Spelt and poppy seed soda bread with homemade lemon curd (serves 1 person with SAD):
For the bread (makes 1 large loaf):
- 100g rolled or porridge oats
- 300g spelt flour
- 200g white or wholemeal plain flour
- 1 tsp salt
- 1 tsp bicarbonate of soda
- 30g cold butter, cubed
- 100g poppy seeds (reserve 1 tbsp for sprinkling)
- 500ml buttermilk, sour milk, or runny yoghurt (or a mixture of all the above)
Pre-heat the oven to 190C. Put the oats, flours, salt and bicarb in a large mixing bowl. Rub the butter into the flour with your hands until the mixture resembles fine breadcrumbs. Stir in the poppy seeds. Pour in the buttermilk/milk/yoghurt and mix to a slightly sticky, but firm, dough.
Line a baking sheet with non-stick paper. Shape the dough into a round and place in the middle of the baking sheet. Using a sharp knife, cut a deep cross in the loaf, cutting nearly all the way down (this helps it bake evenly, or lets the devil out, if you believe in Irish tradition). Sprinkle with the remaining poppy seeds.
Bake for 35 minutes, or until the bottom sounds hollow when tapped. Leave to cool on a wire rack. Eat warm or toasted.

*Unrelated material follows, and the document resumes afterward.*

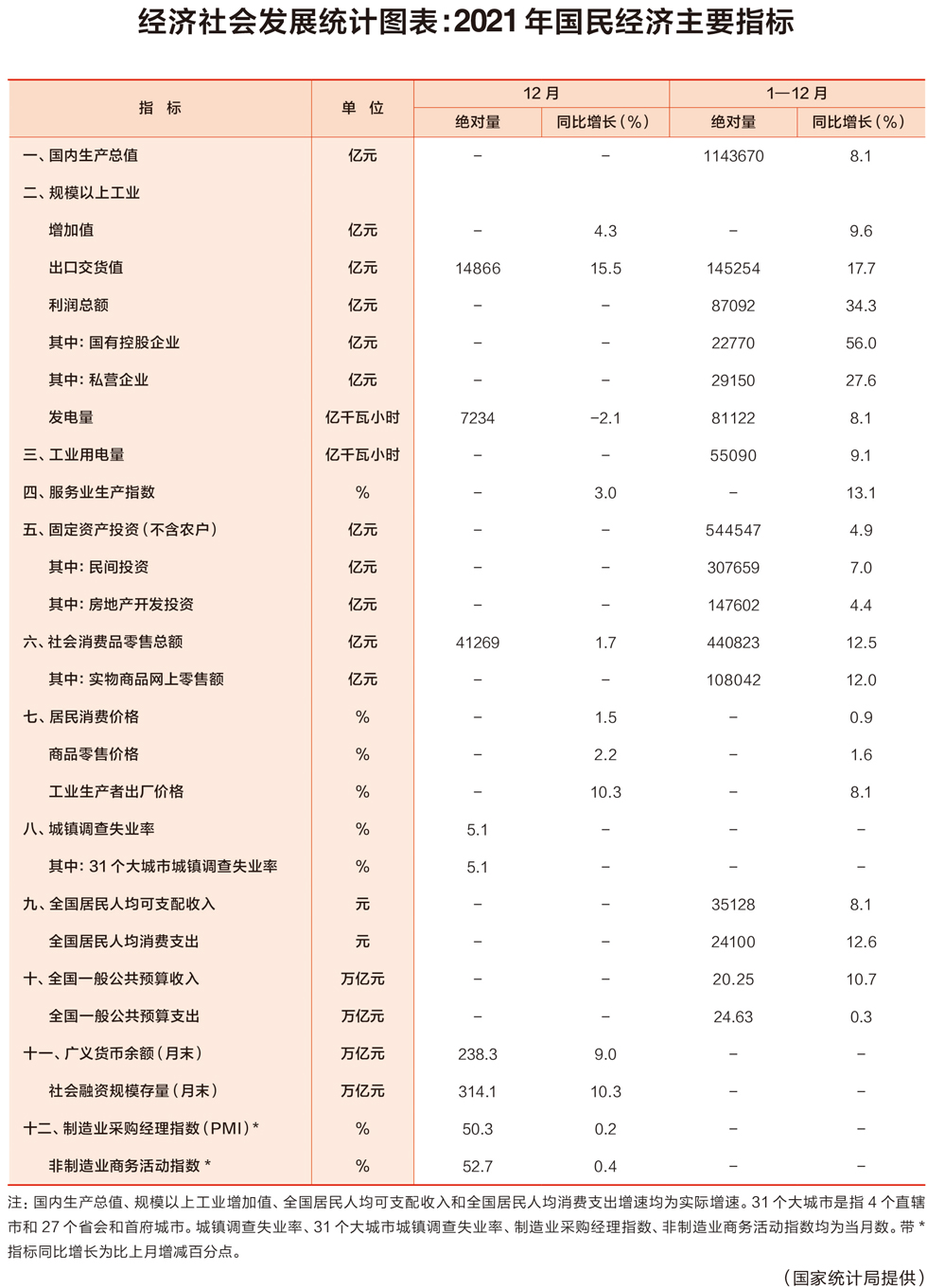 經(jīng)濟(jì)社會發(fā)展統(tǒng)計圖表:2021年國民經(jīng)濟(jì)主要指標(biāo)

For the curd (makes 2 x 250g jars):
- Zest and juice of 4 large lemons
- 170g golden caster sugar
- 100g cold butter, cubed
- 3 large eggs and 1 egg yolk
Put the lemon juice, zest, sugar and butter in a large heatproof mixing bowl. Put on top of a pan of simmering water (don’t let the bottom of the bowl touch the water). Whisk the mixture gently as it heats up, until the butter has melted.
Whisk the eggs and egg yolk briefly, then add to the mixture in the bowl. Cook for around 15-20 minutes over a medium heat, whisking frequently, until the curd thickens and leaves ribbons when you remove the whisk from it. Remove the bowl from the pan and leave to cool, whisking occasionally, until lukewarm. Pot in sterilized jars. It will keep in the fridge for a week or so, but also freezes very well (unlike me).